### Requirement
Copy all entries without alteration and skip the pictures they hold.

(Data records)
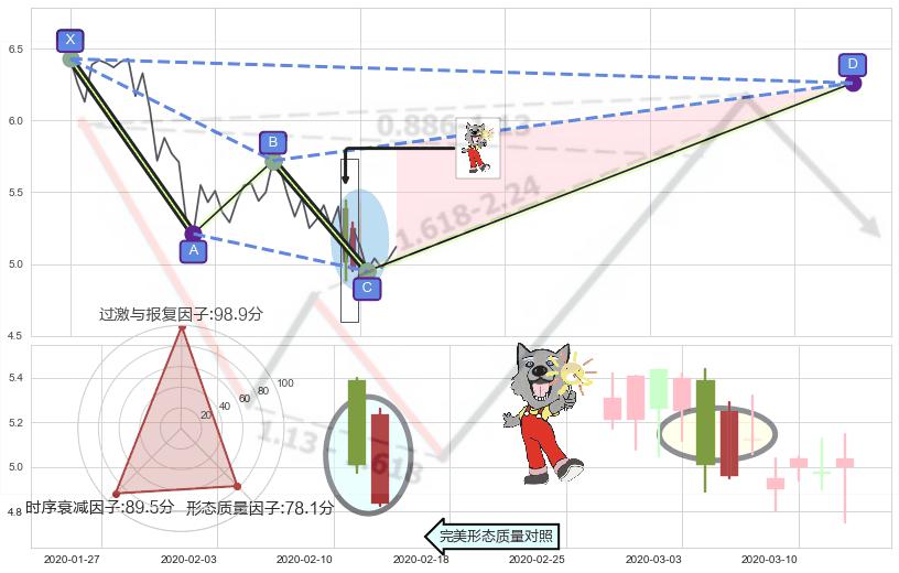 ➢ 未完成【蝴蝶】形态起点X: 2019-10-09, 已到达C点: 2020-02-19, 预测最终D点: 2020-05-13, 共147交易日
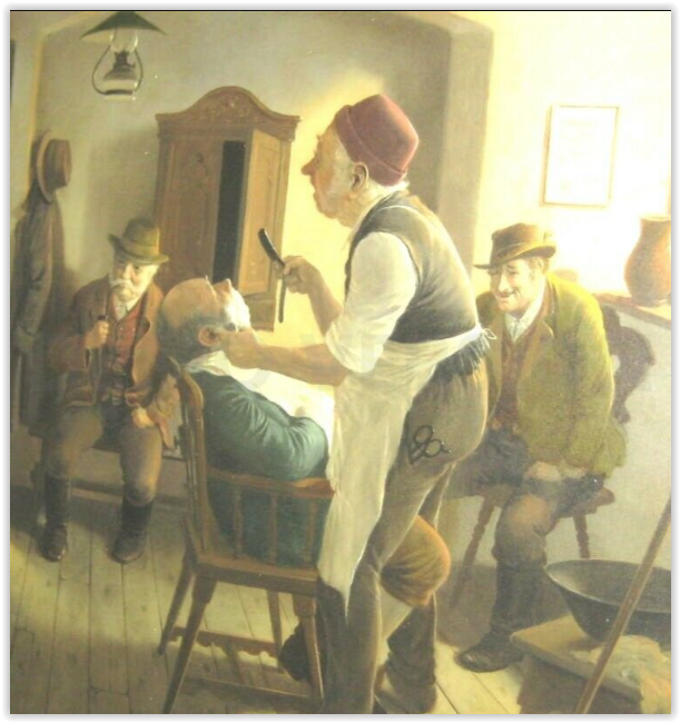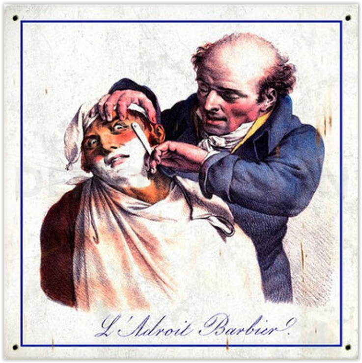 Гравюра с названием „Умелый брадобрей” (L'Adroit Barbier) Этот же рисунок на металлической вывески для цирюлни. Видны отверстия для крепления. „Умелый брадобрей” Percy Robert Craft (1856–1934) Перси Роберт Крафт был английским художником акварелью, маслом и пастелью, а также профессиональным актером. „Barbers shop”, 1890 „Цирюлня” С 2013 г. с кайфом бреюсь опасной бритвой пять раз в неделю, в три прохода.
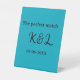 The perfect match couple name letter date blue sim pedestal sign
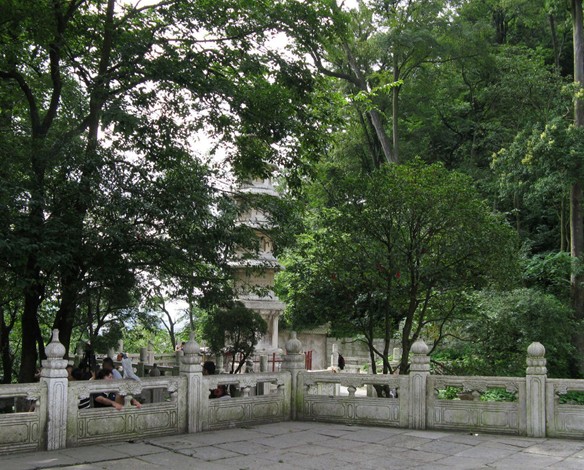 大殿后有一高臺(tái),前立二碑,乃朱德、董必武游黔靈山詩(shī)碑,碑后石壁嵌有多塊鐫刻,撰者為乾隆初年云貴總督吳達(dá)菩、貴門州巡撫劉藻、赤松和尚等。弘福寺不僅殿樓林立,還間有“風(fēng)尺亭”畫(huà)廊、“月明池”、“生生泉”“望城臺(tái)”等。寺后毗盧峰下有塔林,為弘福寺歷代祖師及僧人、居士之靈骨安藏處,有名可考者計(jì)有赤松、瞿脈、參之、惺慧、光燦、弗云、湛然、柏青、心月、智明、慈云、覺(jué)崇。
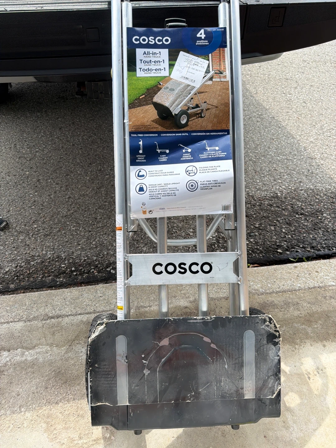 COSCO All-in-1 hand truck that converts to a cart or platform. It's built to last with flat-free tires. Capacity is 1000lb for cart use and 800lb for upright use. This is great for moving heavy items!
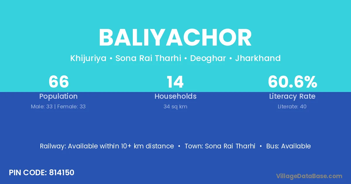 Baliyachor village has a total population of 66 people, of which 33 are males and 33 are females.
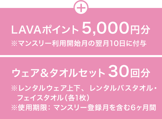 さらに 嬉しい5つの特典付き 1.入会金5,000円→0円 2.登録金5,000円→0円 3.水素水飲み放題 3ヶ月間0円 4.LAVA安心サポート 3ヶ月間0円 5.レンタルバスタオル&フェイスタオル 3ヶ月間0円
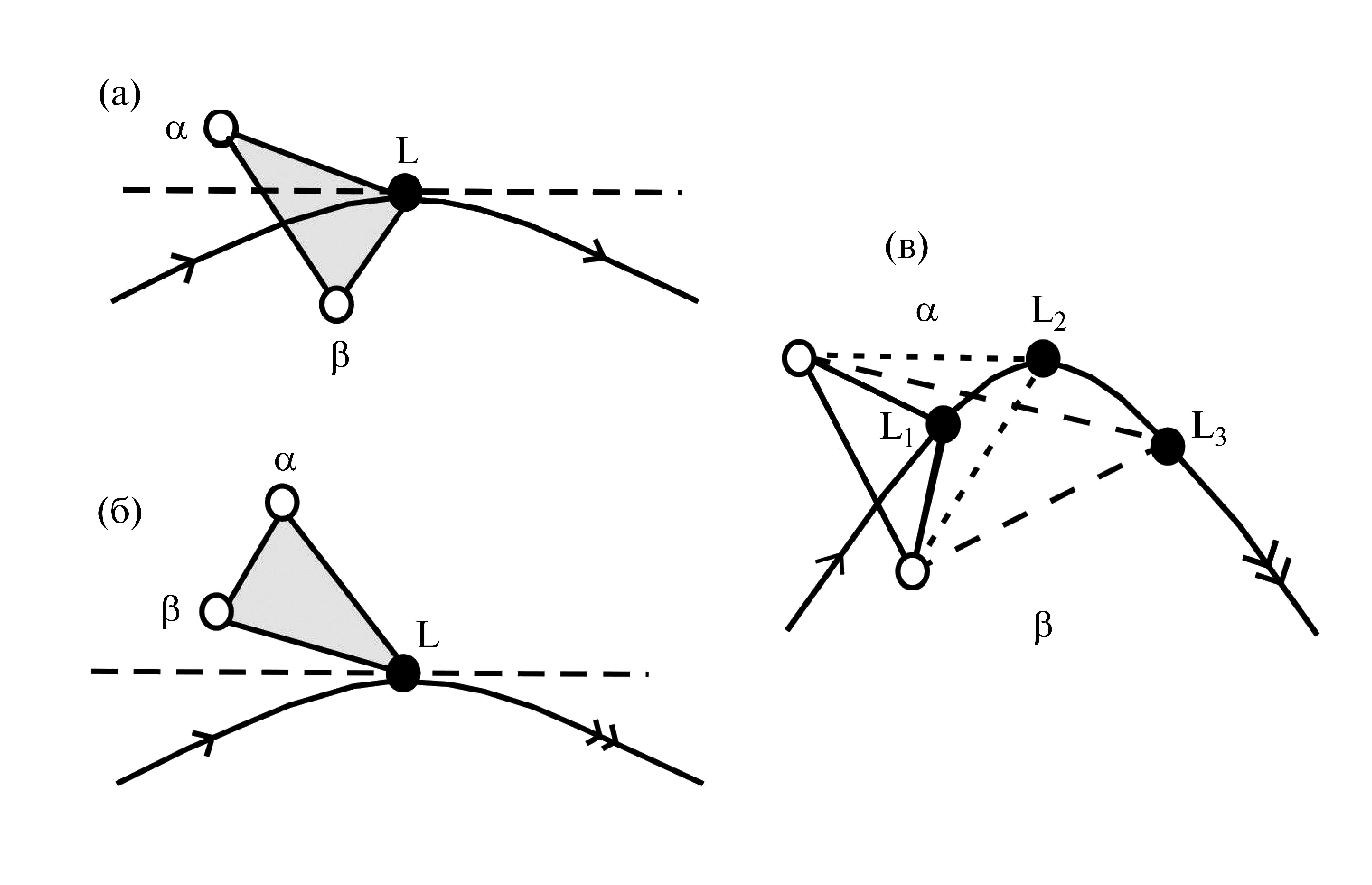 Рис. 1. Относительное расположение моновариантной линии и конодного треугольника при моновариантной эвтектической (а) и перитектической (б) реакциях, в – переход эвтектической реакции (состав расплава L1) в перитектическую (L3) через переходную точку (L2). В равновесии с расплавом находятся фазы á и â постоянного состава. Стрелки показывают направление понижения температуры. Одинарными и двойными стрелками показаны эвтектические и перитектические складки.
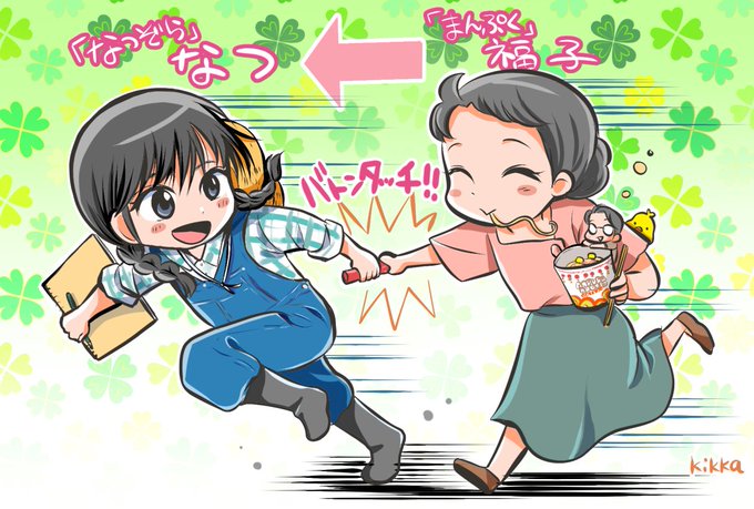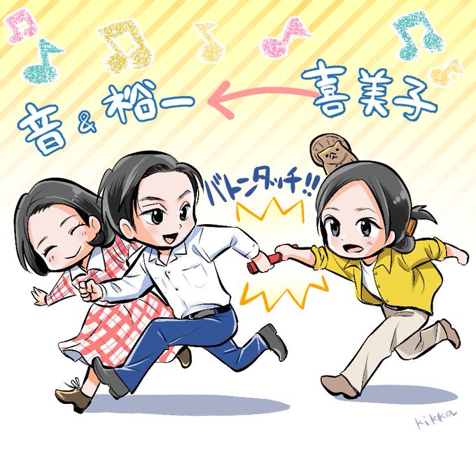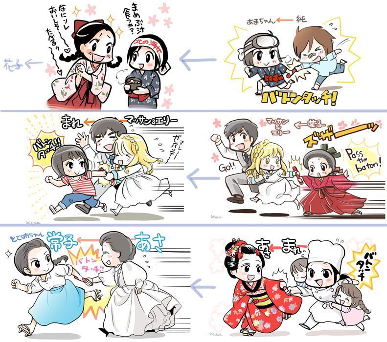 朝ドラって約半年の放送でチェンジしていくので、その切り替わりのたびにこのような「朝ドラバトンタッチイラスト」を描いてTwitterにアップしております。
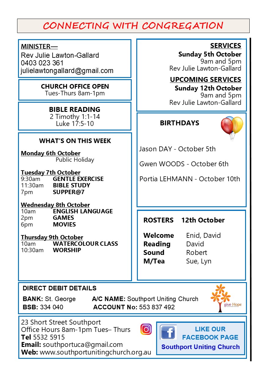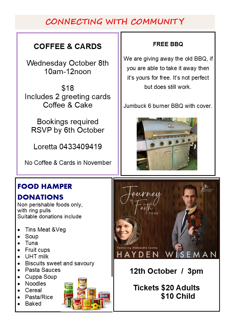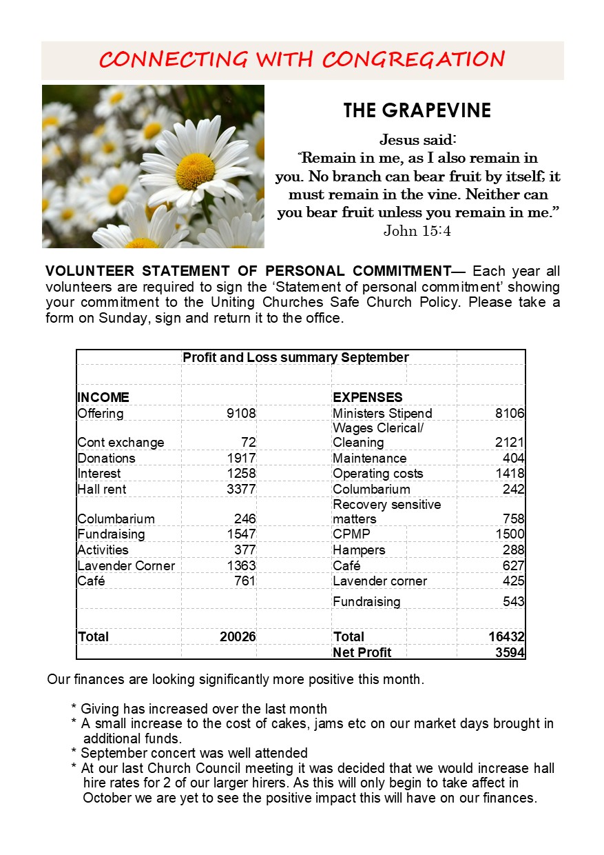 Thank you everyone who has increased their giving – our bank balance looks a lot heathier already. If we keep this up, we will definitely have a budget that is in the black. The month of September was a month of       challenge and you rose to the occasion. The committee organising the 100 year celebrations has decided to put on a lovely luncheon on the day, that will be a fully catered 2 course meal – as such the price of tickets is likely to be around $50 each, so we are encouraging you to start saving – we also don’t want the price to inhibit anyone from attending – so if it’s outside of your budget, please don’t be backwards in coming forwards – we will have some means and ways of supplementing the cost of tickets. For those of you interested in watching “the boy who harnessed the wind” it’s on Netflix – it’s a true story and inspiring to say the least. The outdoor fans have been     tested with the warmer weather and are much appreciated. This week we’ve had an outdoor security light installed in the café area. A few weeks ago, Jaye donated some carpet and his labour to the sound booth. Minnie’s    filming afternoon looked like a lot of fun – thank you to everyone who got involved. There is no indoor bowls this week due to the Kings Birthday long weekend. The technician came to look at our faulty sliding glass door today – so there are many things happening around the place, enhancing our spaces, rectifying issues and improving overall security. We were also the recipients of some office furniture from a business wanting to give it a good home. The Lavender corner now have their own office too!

### Solution to this task
 ➢ 未完成【蝴蝶】形态起点X: 2019-10-09, 已到达C点: 2020-02-19, 预测最终D点: 2020-05-13, 共147交易日
 Гравюра с названием „Умелый брадобрей” (L'Adroit Barbier) Этот же рисунок на металлической вывески для цирюлни. Видны отверстия для крепления. „Умелый брадобрей” Percy Robert Craft (1856–1934) Перси Роберт Крафт был английским художником акварелью, маслом и пастелью, а также профессиональным актером. „Barbers shop”, 1890 „Цирюлня” С 2013 г. с кайфом бреюсь опасной бритвой пять раз в неделю, в три прохода.
 The perfect match couple name letter date blue sim pedestal sign
 大殿后有一高臺(tái),前立二碑,乃朱德、董必武游黔靈山詩(shī)碑,碑后石壁嵌有多塊鐫刻,撰者為乾隆初年云貴總督吳達(dá)菩、貴門州巡撫劉藻、赤松和尚等。弘福寺不僅殿樓林立,還間有“風(fēng)尺亭”畫(huà)廊、“月明池”、“生生泉”“望城臺(tái)”等。寺后毗盧峰下有塔林,為弘福寺歷代祖師及僧人、居士之靈骨安藏處,有名可考者計(jì)有赤松、瞿脈、參之、惺慧、光燦、弗云、湛然、柏青、心月、智明、慈云、覺(jué)崇。
 COSCO All-in-1 hand truck that converts to a cart or platform. It's built to last with flat-free tires. Capacity is 1000lb for cart use and 800lb for upright use. This is great for moving heavy items!
 Baliyachor village has a total population of 66 people, of which 33 are males and 33 are females.
 さらに 嬉しい5つの特典付き 1.入会金5,000円→0円 2.登録金5,000円→0円 3.水素水飲み放題 3ヶ月間0円 4.LAVA安心サポート 3ヶ月間0円 5.レンタルバスタオル&フェイスタオル 3ヶ月間0円
 Рис. 1. Относительное расположение моновариантной линии и конодного треугольника при моновариантной эвтектической (а) и перитектической (б) реакциях, в – переход эвтектической реакции (состав расплава L1) в перитектическую (L3) через переходную точку (L2). В равновесии с расплавом находятся фазы á и â постоянного состава. Стрелки показывают направление понижения температуры. Одинарными и двойными стрелками показаны эвтектические и перитектические складки.
 朝ドラって約半年の放送でチェンジしていくので、その切り替わりのたびにこのような「朝ドラバトンタッチイラスト」を描いてTwitterにアップしております。
 Thank you everyone who has increased their giving – our bank balance looks a lot heathier already. If we keep this up, we will definitely have a budget that is in the black. The month of September was a month of       challenge and you rose to the occasion. The committee organising the 100 year celebrations has decided to put on a lovely luncheon on the day, that will be a fully catered 2 course meal – as such the price of tickets is likely to be around $50 each, so we are encouraging you to start saving – we also don’t want the price to inhibit anyone from attending – so if it’s outside of your budget, please don’t be backwards in coming forwards – we will have some means and ways of supplementing the cost of tickets. For those of you interested in watching “the boy who harnessed the wind” it’s on Netflix – it’s a true story and inspiring to say the least. The outdoor fans have been     tested with the warmer weather and are much appreciated. This week we’ve had an outdoor security light installed in the café area. A few weeks ago, Jaye donated some carpet and his labour to the sound booth. Minnie’s    filming afternoon looked like a lot of fun – thank you to everyone who got involved. There is no indoor bowls this week due to the Kings Birthday long weekend. The technician came to look at our faulty sliding glass door today – so there are many things happening around the place, enhancing our spaces, rectifying issues and improving overall security. We were also the recipients of some office furniture from a business wanting to give it a good home. The Lavender corner now have their own office too!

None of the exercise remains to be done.